Of course, you don’t need me to tell you about how bad Ayn Rand’s books are, or how stupid her philosophy of Objectivism is, or how much harm its adherents (converts?) have done to the American economy. I’ve addressed that a little bit here, and so has Wiz here, and so did GQ‘s Andrew Corsello in a hilarious hit piece titled “The Bitch is Back.” Corsello compares reading Rand (pictured left) at age 19 to “devouring a family-size bag of Cheetos in a single sitting. During: irresistible, bracing, the thing at hand imparting vitality, fertility, potency. After: bleccchh.” I never got to the irresistible part, but the urge to vomit came soon enough.
I think Rand’s work can best be summarized with an old intellectual putdown my father taught me: “Ayn Rand’s writing is both interesting and original. Unfortunately, what is interesting is not original, and what is original is not interesting.” I’d add that it’s also inaccurate and harmful and even downright pernicious, but that’s enough for now.
Perhaps the best short takedown of Rand can be found in The Nation, by Corey Robin.

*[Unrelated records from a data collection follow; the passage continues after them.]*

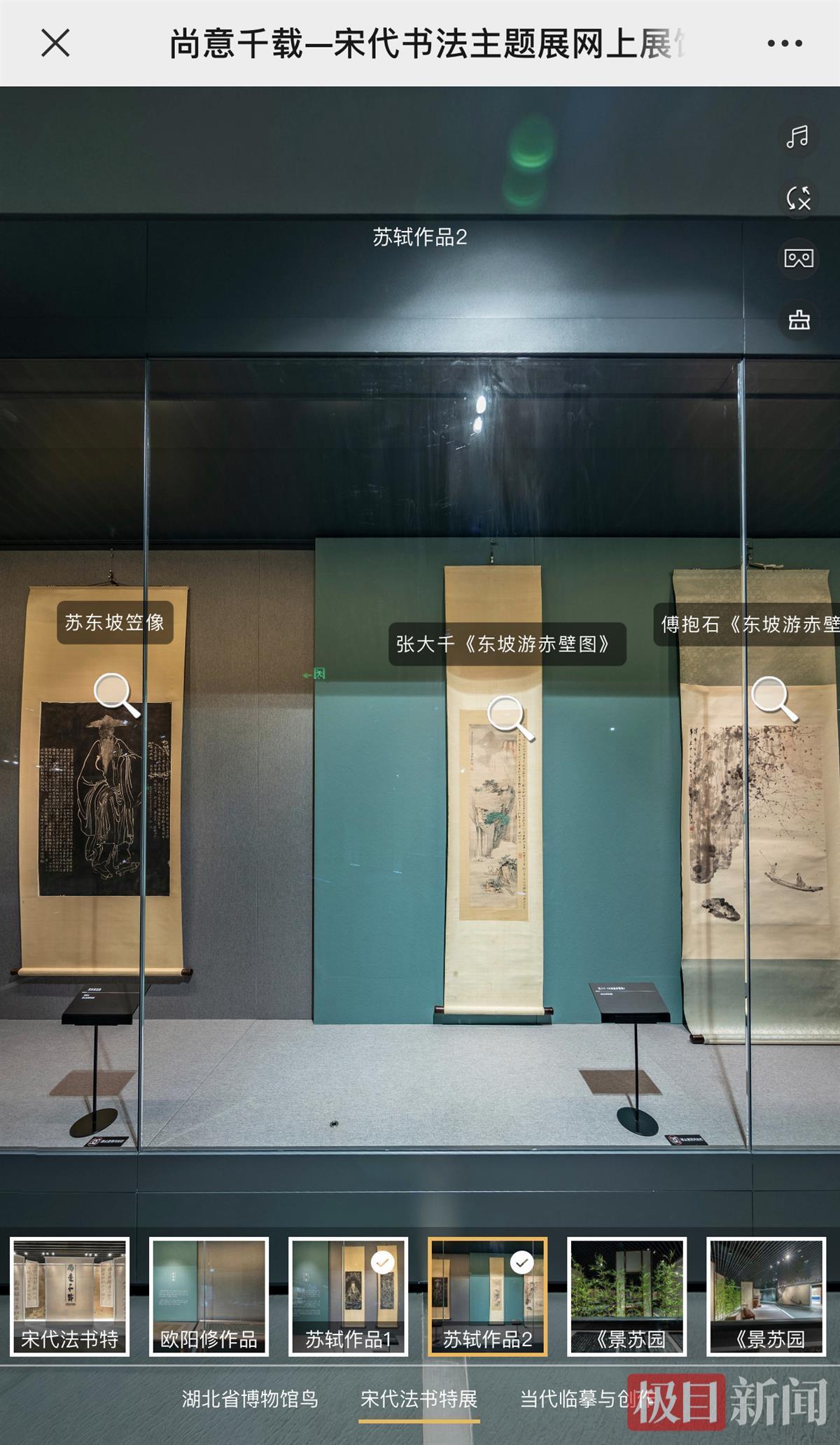 “尚意千载——宋代书法主题展”于今年9月末亮相湖北省博物馆,目前其全景虚拟展厅在湖北省博物馆官方微信平台展出。极目新闻记者留意到,展厅里除了难得一见的宋代书法真迹,另展有珍贵的苏轼画像,吸引众多网友目光。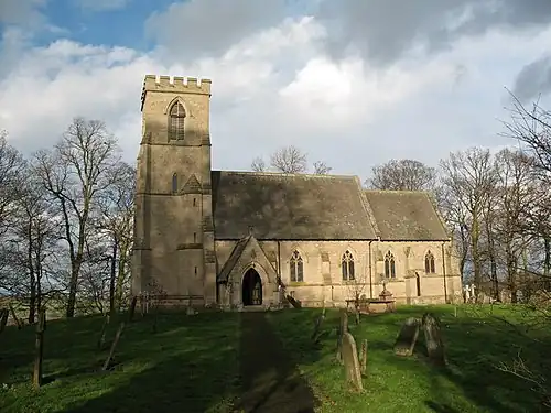 There was a mediaeval church in Cundall, which was described in 1823 as "mean and diminuitive", with a recently built brick tower. The building was demolished,[1] and a replacement was designed by Mallinson and Healey, and completed in 1852. The church was grade II listed in 1987.[2]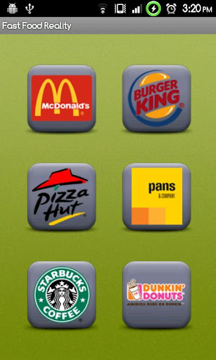 Fast Food Reality is an application to just look for most famous Fast Food Restaurants, like Mc Donald's, Burger King, Dunkin' Donuts, Starbucks, Pizza Hut and Pans and Company.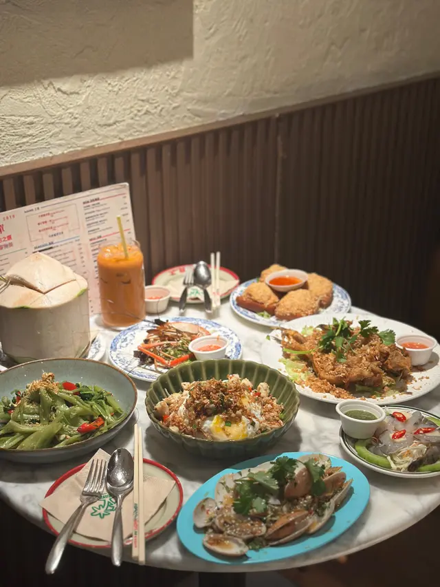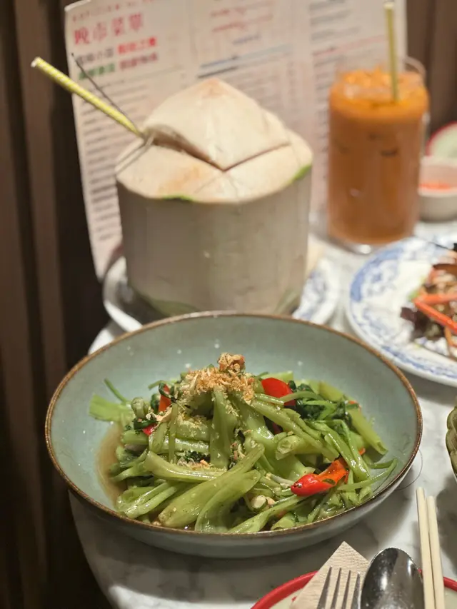 另外凍泰式奶茶冰爽香濃,甜度適中,剛好中和辣香同炭香,飲一口即時解膩又解渴 🧋。新鮮椰青亦好正,椰水清甜透心涼,飯後來一個最舒服 🥥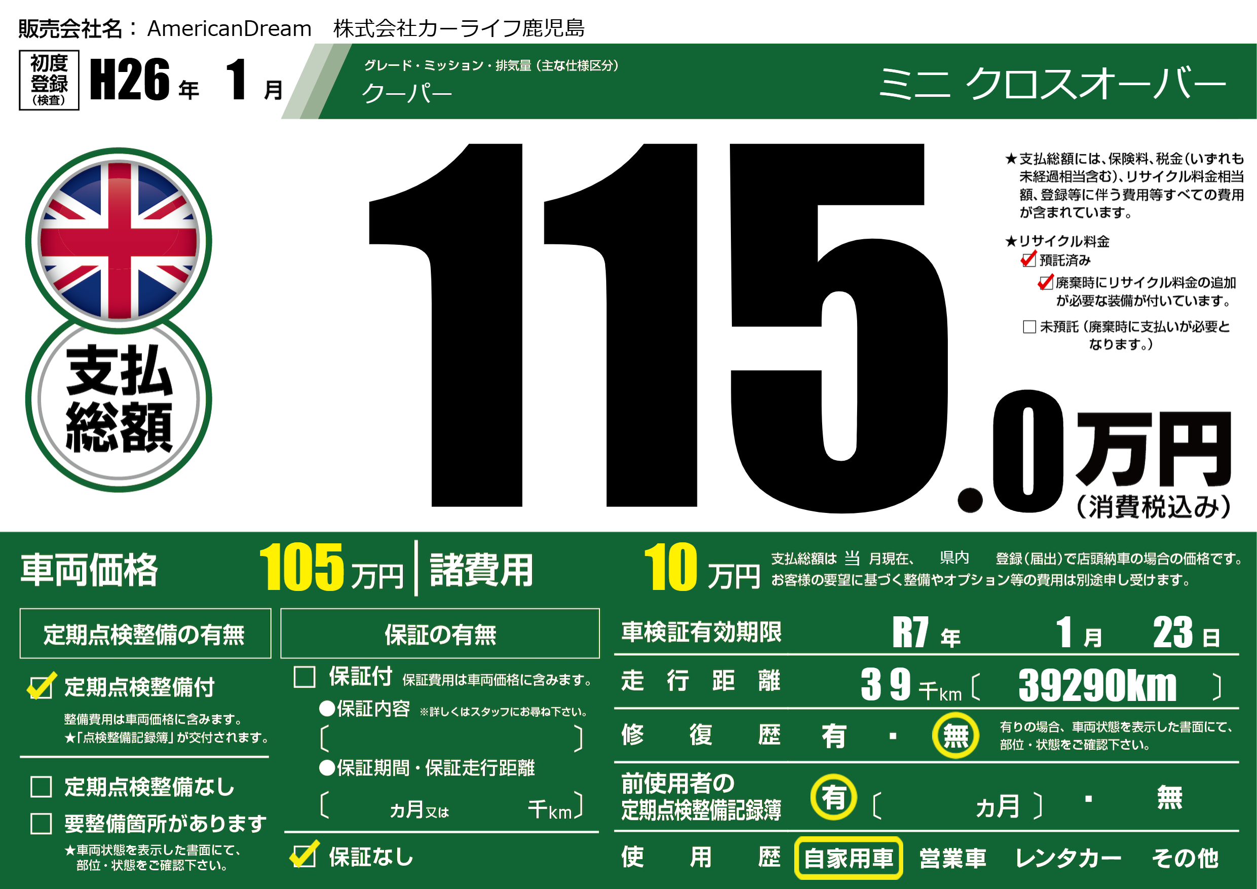 | 車名 | ミニ クロスオーバー | グレード ミッション 排気量 |

But if you’re looking for something a little longer, but don’t have the stomach for Rand herself, try this superb intellectual biography, Goddess of the Market: Ayn Rand and the American Right, by Jennifer Burns.
In Burns’ book, we learn about the crazy cult of Objectivism, which Rand ran like an authoritarian tyrant. To call it quasi-religious might be a bit mild. As Burns writes on page 203:
Although Objectivism appeared a way to escape religion, it was more often a substitute, offering a similar regimentation and moralism without the sense of conformity. Rand’s ideas allowed students to reject traditional religion without feeling lost in a nihilistic, meaningless universe.

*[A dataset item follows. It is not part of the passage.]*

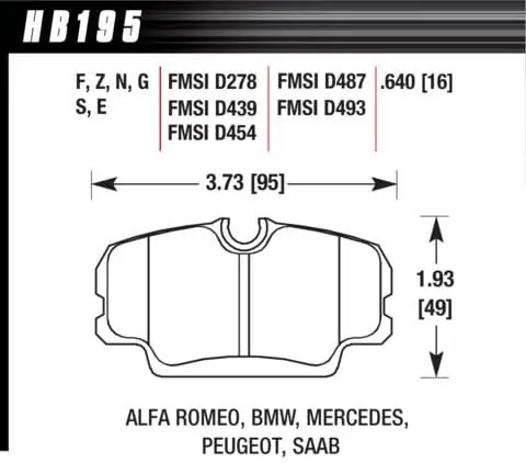 Klocki hamulcowe samochodoweHB195S.640 HAWK Performance HT-10(komplet na oś przednią)HAWK PERFORMANCE HT-10Klocki hamulcowe Hawk HT-10 oferują liniowy zakres siły hamowania w średnich temperaturach. Łatwa kontrola i dozowalność to zaleta tych klocków. W połączeniu z niskim zużyciem tarcz i niewielkim pyleniem sprawia to że to jedna z częściej wybieranych mieszanek w aplikacjach torowo-ulicznychWysoki współczynnik tarciaDoskonała modulacjaTemperatura pracy 150-700°COptymalna temperatura pracy 260-590°CKlocki hamulcowe Hawk Performance nie posiadają homologacji ECE R90Klocki hamulcowe Hawk Performance nie posiadają homologacji ECE R90Parametry techniczneZastosowanie:MotorsportSzerokość [mm]:95Wysokość [mm]:49Grubość [mm]:16FMSI:D0278, D0321, D0439, D0454, D0487, D0493Oś:przedniaMax temp pracy:705°CWaga:1.16kg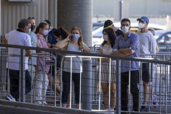 Testing queues at The Alfred hospital on New Year’s Eve.Credit:Wayne Taylor

And yet three pages earlier, Burns compared the adoption of Objectivism to a similar religious experience.
In many ways the overwhelming impact of Rand’s ideas mimicked Marxism’s influence. Arthur Koestler’s memory of conversion to Communism echoes the sentiments expressed by Rand’s readers: “The new light seems to pour from all directions across the skull; the whole universe falls into pattern like the stray pieces of a jigsaw puzzle assembled by magic at one stroke. There is now an answer to every question; doubts and conflicts are a matter of the tortured past.” Only a small portion of Rand’s readers became as feverishly devoted to her ideas as Koestler did to Marxism, but the basic dynamic was similar. A twenty-four-year-old woman told Rand, “you have combined all my stray thoughts into an orderly, workable pattern–this alone is worth many years of my life.” Rand’s perspective could bring refreshing clarity to the unfocused, replacing doubt and uncertainty with passion and conviction.
It’s no accident that Burns used the word “conversion” to describe Koestler’s Marxist turn, nor that Koestler the himself used religious, even miraculous language to recount how he saw the “light” of scientific socialism. Objectivism, like Marxism, and most religious doctrines, are absolutist and all-encompassing philosophies.
When I first seriously studied Marx (pictured right) in the Dawson College Liberal Arts program (with Nemo among my classmates), our wonderful professor David Mulhall frequently used the term “millenarian” to describe Marxist thought. To Mulhall, and of course he was not the first to say this, Marxism was a fundamentally messianic faith, with its belief in the withering away of the state and an eventual Communist utopia, despite the mask of materialism. That description stuck with me.
When I studied Marxism as an undergraduate, I did so in the context of European intellectual history, with the brilliant Peter Gordon. With Gordon’s guidance, I came to understand Marx primarily as a “Left Hegelian,” someone who did not merely stand “Hegel on his head,” as Marx’s own cliche would have you, but in fact simply adapted Hegel to a more practical, materialist framework. Hegel’s messianic “world spirit” became Marx’s messianic working class, both operating in dialectical fashion.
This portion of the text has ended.